Updated: Dec 11, 2019


Research question


I had quite a few tutorials with different tutors, and I want to narrow down the direction by clarifying the users and the memories. I thought about taxi drivers with a good memory of city map, or people working with archives, or holiday memories, before I finally found I was more interested in exploring memory and space. For one, digital technologies like photos and videos cannot record our sense of space. For another, I am interested in how people remember a place when they think about it. Would they remember the size, the sound, the temperature, or other elements?

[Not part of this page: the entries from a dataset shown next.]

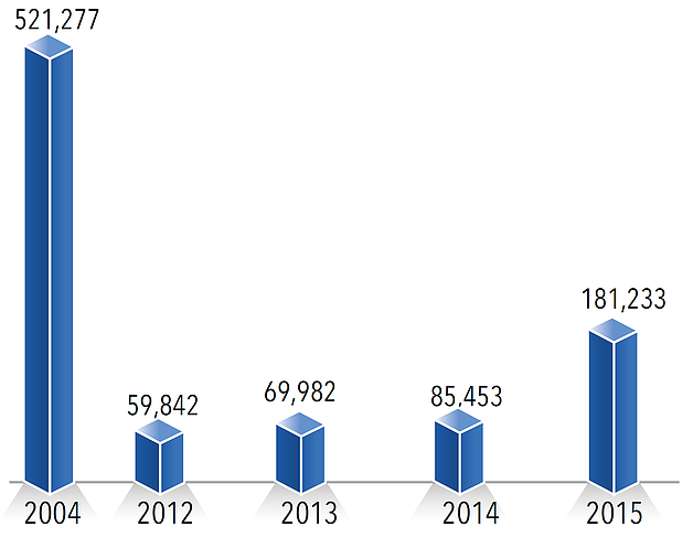 Exports: For the first time since the imposition of the blockade in 2007, Israel allowed the export of goods to Israel. In 2015, there was six-fold increase in exports and transfers from Gaza compared to 2014. Total exits are still 14.5 per cent of a wider range of exports that left Gaza for Israel, the West Bank and the external world in 2005, prior to the imposition of various restrictions ending in a full blockade in 2007.
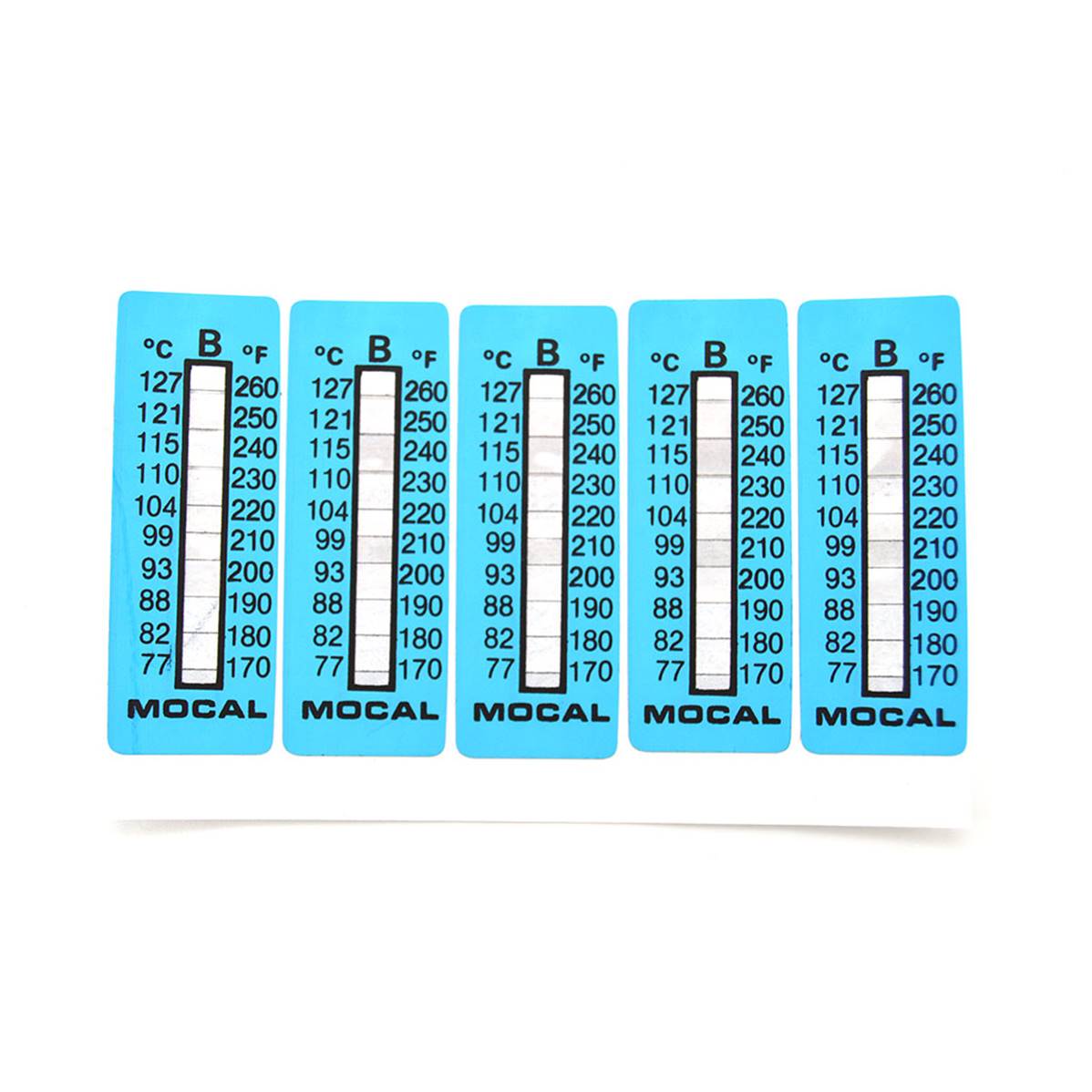Temperature indicator level irreversible tag. Measure range 77-127°C (5 pieces). Take off the indicator from the support. Applicate the whole on a clean and dry surface making sure that the whole indicator is in contact with the surface. The black color permanent change indicates that the temperature corresponding on the indicator has been reached.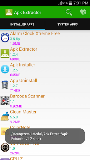 Apk Extractor will extract any APK file from your device. Save it to your SD Card. Share to friends. The file has been saved in "/Apk Extract/" folder. It helps backup all apk files. Share file via bluetooth,email, etc....
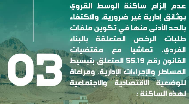 صدرت بتاريخ 28 أبريل 2023 دورية مشتركة بين وزارة إعداد التراب الوطني والتعمير والإسكان وسياسة المدينة، ووزارة الداخلية، بشأن تبسيط مسطرة الترخيص بالبناء في الوسط القروي، موجهة إلى السيدات والسادة الولاة والعمال ورؤساء مجالس الجماعات، ومديري الوكالات الحضرية والمفتشين الجهويين لإعداد التراب الوطني والتعمير والهندسة المعمارية، تدعوهم لاتخاذ مجموعة من الإجراءات التي من شأنها المساهمة في تبسيط مسطرة الترخيص بالبناء في الوسط القروي.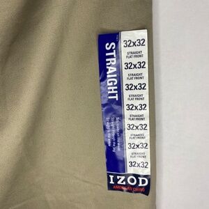 NWT Izod Flat Front Straight Men’s American Chino Pants, Tan Golf Slacks, 32x32, NEW. In new condition without rips, tears or stains. Sits lower on the waist and straight through the leg. Straight to the ankle. 100% cotton.
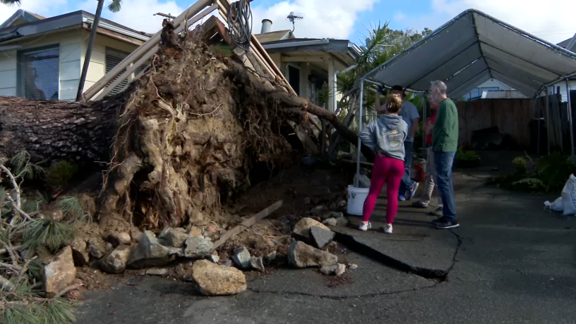 The neighborhood is usually known for its ocean views, but Wednesday morning all eyes were on the destruction caused when a towering Torrey pine crashed down during the storm.
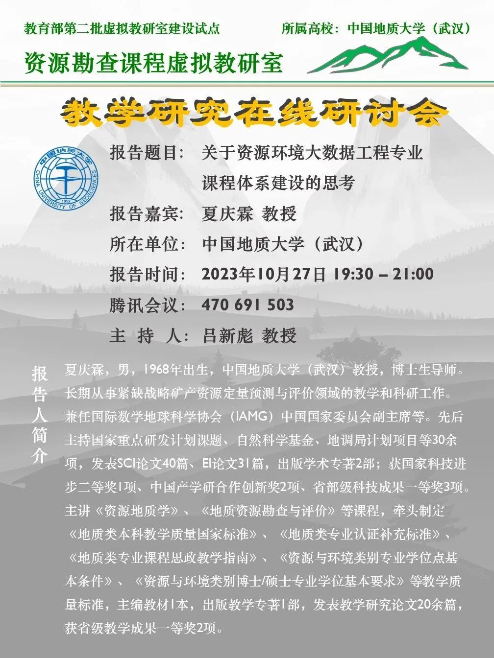 【10月27日】资源勘查课程虚拟教研室研讨会:夏庆霖学术报告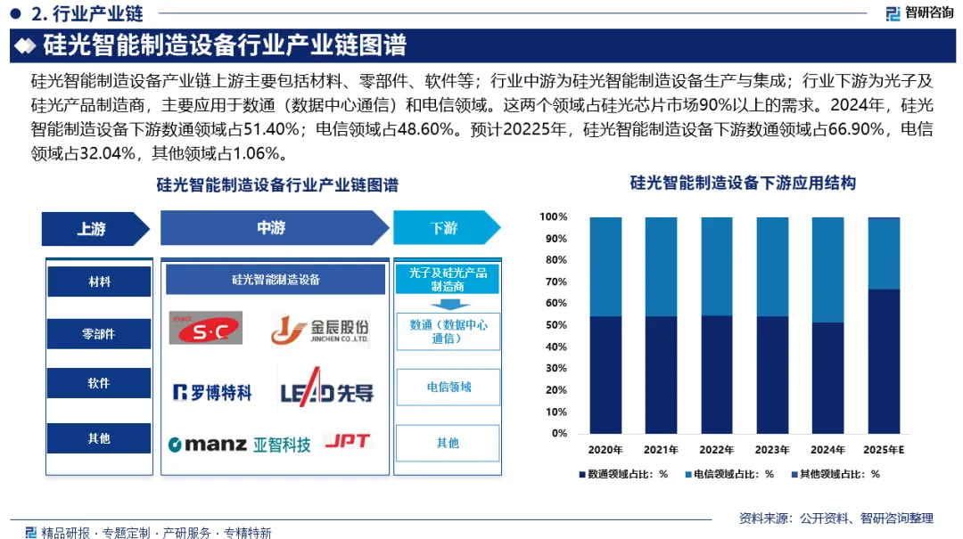 细分市场格局:硅光智能制造设备的下游应用主要集中在数通(数据中心通信)和电信领域,这两个领域占硅光芯片市场90%以上的需求。2024年,硅光智能制造设备应用于数通领域占51.40%;电信领域占48.60%。预计20225年,硅光智能制造设备应用于数通领域占66.90%,电信领域占32.04%,其他领域占1.06%。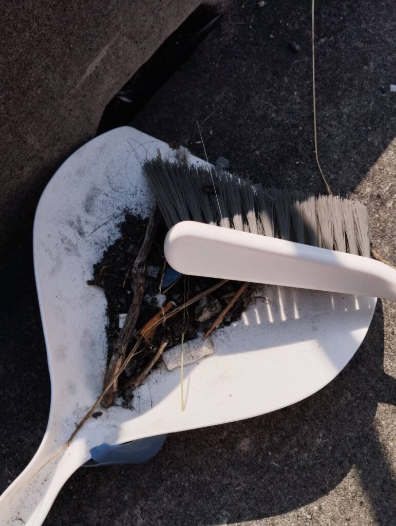 タバコの吸い殻の掃除にほうきとちりとりがとても役に立った。周りにボランティアの方がいてもう少し大きいものを使っておられて便利そうだなと思った。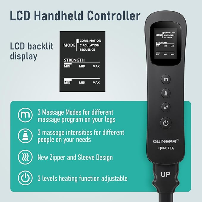 - PRO GRADE LEG HEATING MASSAGE - QUINEAR Leg Compression Massager is a powerful must-have leg recovery system. Heat opens blood vessels, which can assist the healing process and alleviate some of your pain. 3 levels of HEATING function to provide suitable warmth for your legs through all year, pretty effective to warm up cold foot & leg,reduce leg tiredness and promote circulation flow.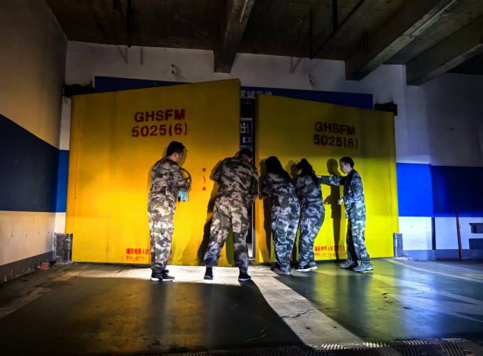市人防工程平战转换专业队依托人防结建工程开展实地人防工程防护密闭门紧急开关平战转换演练。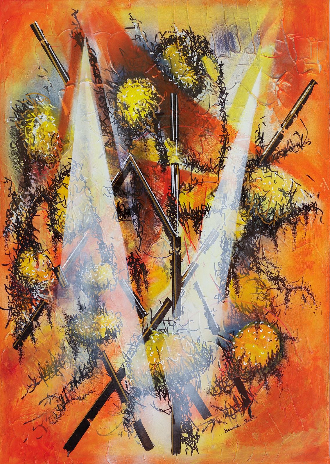 Un'esplosione di luce materica che rompe ogni confine.Quest'opera incarna l'energia pura, la vitalita che scorre incontrollabile e liberatrice. Non è semplice luminosità, ma una forza tangibile che danza, si contorce e si espande in ogni direzione. La materia diventa luce, la luce diventa movimento, e il movimento diventa esistenza. C'è una gioia primordiale qui, una celebrazione della vita che esplode senza paura, senza limiti. Ogni pennellata é un grido di esistenza, una protesta di bellezza contro l'indifferenza. Quest'opera parla di potenza creativa, di quel fuoco interiore che non può essere spento.Non è aggressiva, ma espansiva - come un cuore che batte a un ritmo diverso, più veloce, più intenso. L'esplosione non distrugge, rigenera. E la manifestazione dell'istinto più antico:vivere, brillare, essere visibili.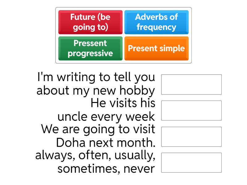 Present simple - He visits his uncle every week, Adverbs of frequency - always, often, usually, sometimes, never, Pressent progressive - I'm writing to tell you about my new hobby, Future (be going to) - We are going to visit Doha next month.,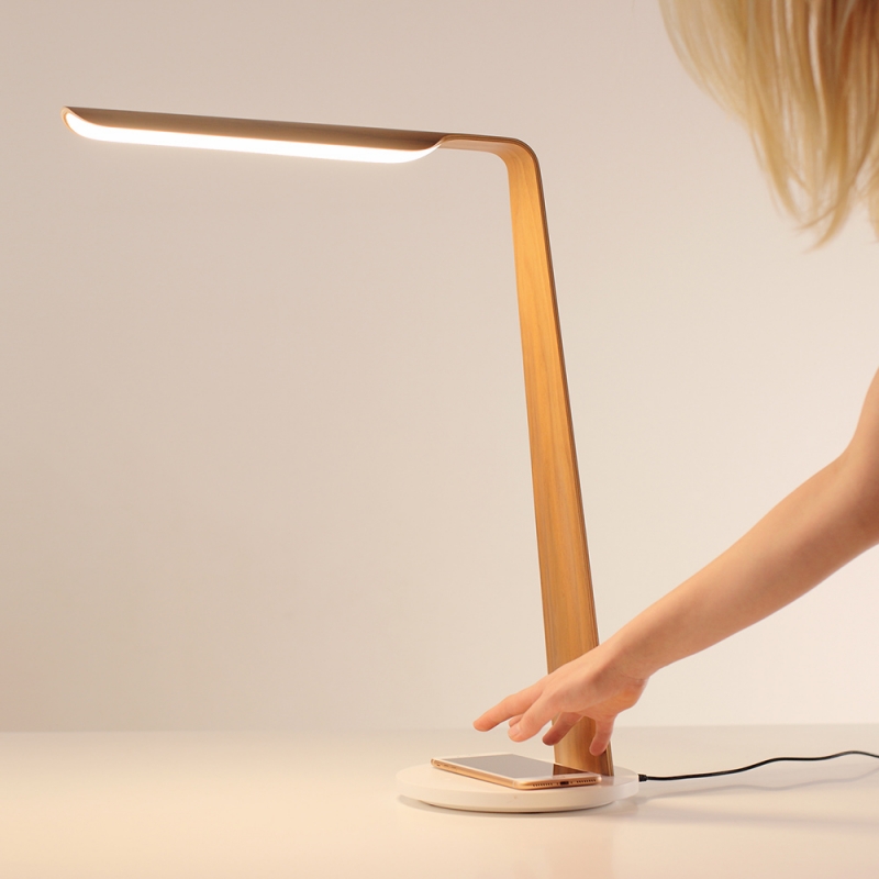 Jemné krivky stolnej lampy Swan Qi pripomínajú elegantný dlhý štíhly krk majestátnych labutí. Krásna lampa na pracovný stôl od Tunto je majstrovským dielom, ktorý podčiarkuje filozofiu tejto fínskej značky. Qi verzia umožňuje bezkontaktné nabíjanie mobilných zariadení pomocou technológie Qi Wireless charging  (Qi 1.0 Standard).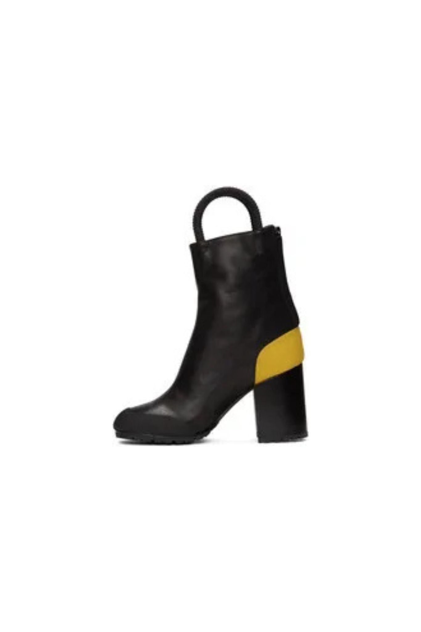Random Identities出品的真皮踝靴,配有橡胶鞋头和9厘米鞋跟;意大利制造。黄色款。

On the other hand, smartphones and other wearable devices can capture personal memories conveniently in the forms of photos, videos, recordings and etc. Moreover, these devices have nearly unlimited storage space to record our experiences continuously. However, these digital technologies are gradually shaping the way how our brains work to remember things. We are now used to sorting out our memories as texts, photos, videos and other data forms, but our brains are working in a far more complicated and interesting way.


Thus, these together brought up my research question:

  • How can people record and experience space-related memories digitally?


Here, “memory” refers to students’ school memories in particular, because schools have the most typical shared spaces where different memories occur, and school memories are often what people value a lot. The “space”, accordingly, refers to indoor spaces inside schools, such as classrooms or studios. “Space-related” means memories generated in specific spaces.




Desk research


Literature review

I first looked into how digital technologies affect the way of natural remembering and recalling in two parts, (a) recording and experiencing digitally and (b) technology-mediated memory vs organic memory. Then I studied the mutual relationship between space and memory.

This part will be explained in detail in the essay, so I did not include it here.


Practice review

There are varied digital memory recording and reviewing systems, including:

  • "Rewind", a system automatically recording ‘a sequence of street-level images’ during excursions to recall people’s daily memories.

  • "Pensieve", to augment people’s episodic memories and sharing memory cues to others.

  • "A-me", a physical repository for memories, and users can reveal private memories by pointing at specific areas of the brain apparatus.

  • "GeoLapse", a ‘digital time capsule’ introducing serendipity experience, and users do not know when or where a message is.

  • "DadBot", turning his dying father Into AI.

  • "Memory Palace", a 18-metre-wide sculpture carved from bamboo and set within a mirrored box-room.



Dadbot by James Vlahos
"Memory Palace" by Es Devlin inside Sir John Soane’s Pitzhanger Gallery

Most of the projects are exploring technologies of capturing and translating data, while some of them also supports users' emotional needs, such as GeoLpase and DadBot. From the above I learned that users should be able to edit and decide the memories initiatively, and it is better to get users emotionally involved.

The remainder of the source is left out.